ALEXANDRIA, Va. – Google launched its defense against accusations that it has an illegal monopoly on internet advertising technology Friday with a barrage of evidence that says the industry is more complex and more competitive than defined by the federal government.
“The industry has had a lot of water in the last 18 years,” said Scott Sheffer, vice president for global cooperation at Google, the company’s first witness in its antitrust case in federal court in Alexandria .
The Department of Justice and a coalition of states insist that Google created and maintained illegal control over technology that helps buy and sell online ads that consumers see.
Google says the government’s lawsuit focuses on a narrow type of online ads — specifically the rectangular ones that appear at the top and right of a web page. In its opening statement, Google’s lawyers said the Supreme Court had warned judges against acting in a fast-moving technology like what Sheffer described because of the risk of error. or unintended consequences.
Google says that defining the market ignores the competition it faces from social media companies, Amazon, streaming TV providers and others that offer advertisers ways to reach online consumers.
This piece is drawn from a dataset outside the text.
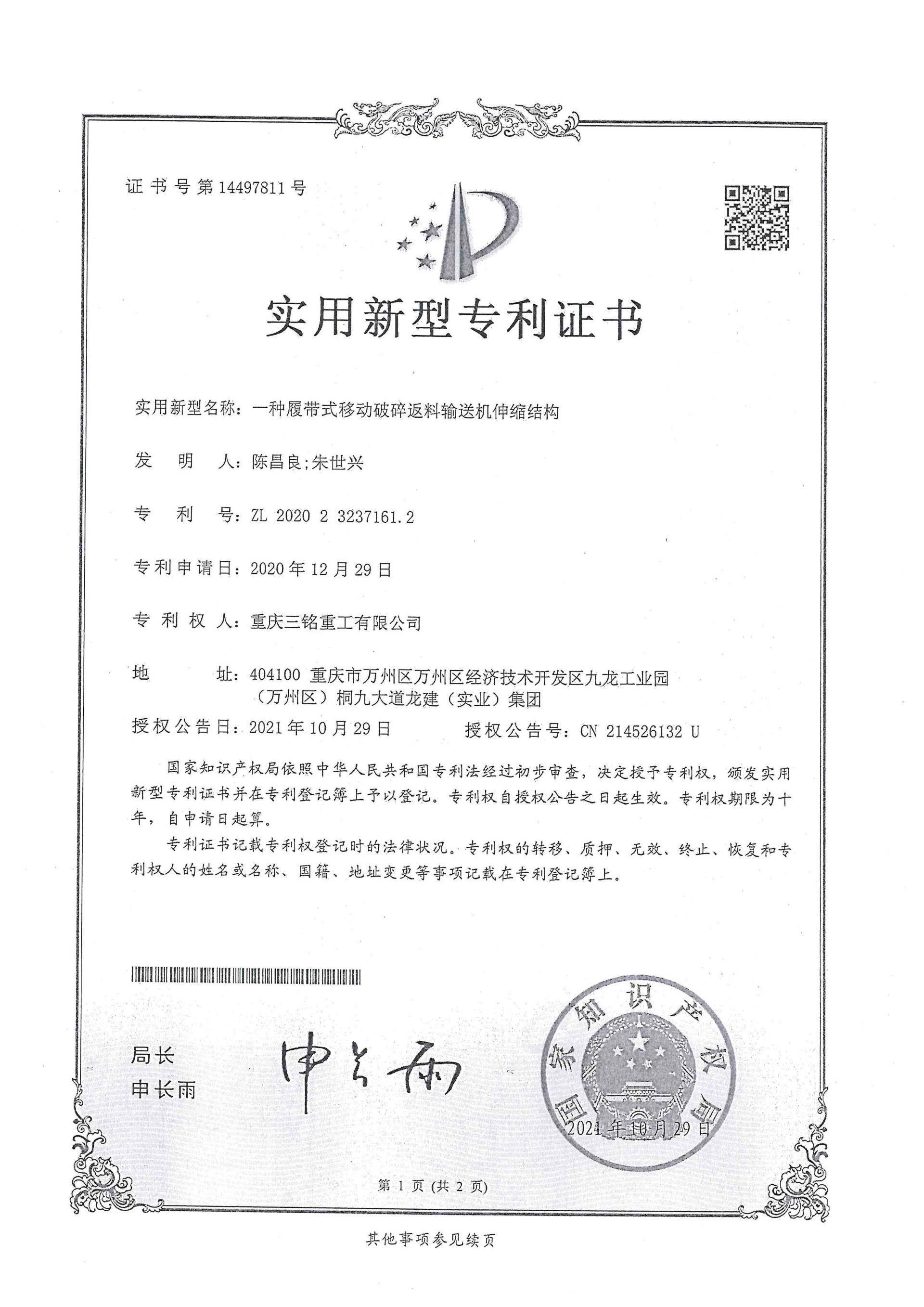 實(shí)用新型專利證書(履帶式移動(dòng)破碎返料輸送機(jī))

Attorneys for the Justice Department called witnesses to testify two weeks before they rested their case Friday afternoon, describing the ways in which independent ad exchanges run auctions in a matter of milliseconds to determine which ads placed in front of customers and how much they cost.
The department says the auctions are charged in subtle ways that help Google keep out potential competitors and in ways that prevent publishers from making as much money as they could from selling their ad space.
It also says that Google’s technology, when used in all aspects of the advertising business, allows Google to save 36 cents on the dollar of ad spend, billions of which happen every day.
Executives at media companies such as Gannett, which publishes USA Today, and News Corp., which owns the Wall Street Journal and Fox News, have said that Google dominates the technology used by advertisers to sell. advertising space as well as advertisers who want to buy it. Products are linked together so advertisers must use Google’s technology if they want to access its huge advertising space.
The government said in its appeal last year that Google should at least be forced to sell part of its business that deals with publishers, breaking its dominance.
In his testimony Friday, Sheffer explained how Google’s tools have evolved over the years and how it has audited advertisers and publishers to guard against issues such as malware and piracy.
The trial began on September 9, just a month after a District of Columbia judge declared Google’s core business, its ubiquitous search engine, an illegal monopoly. That case is still ongoing to determine what, if any, remedies the judge may offer.
The advertising technology at issue in the Virginia case does not generate the same kind of revenue for Google as its search engine does, but it is still believed to bring in tens of billions of dollars a year.
Overseas, authorities have also accused Google of anti-competitive behavior. But the company scored a victory this week when an EU court overturned a 1.49 billion euro ($1.66 billion) antitrust fine imposed five years ago that focuses on a different part of the company’s online marketing business.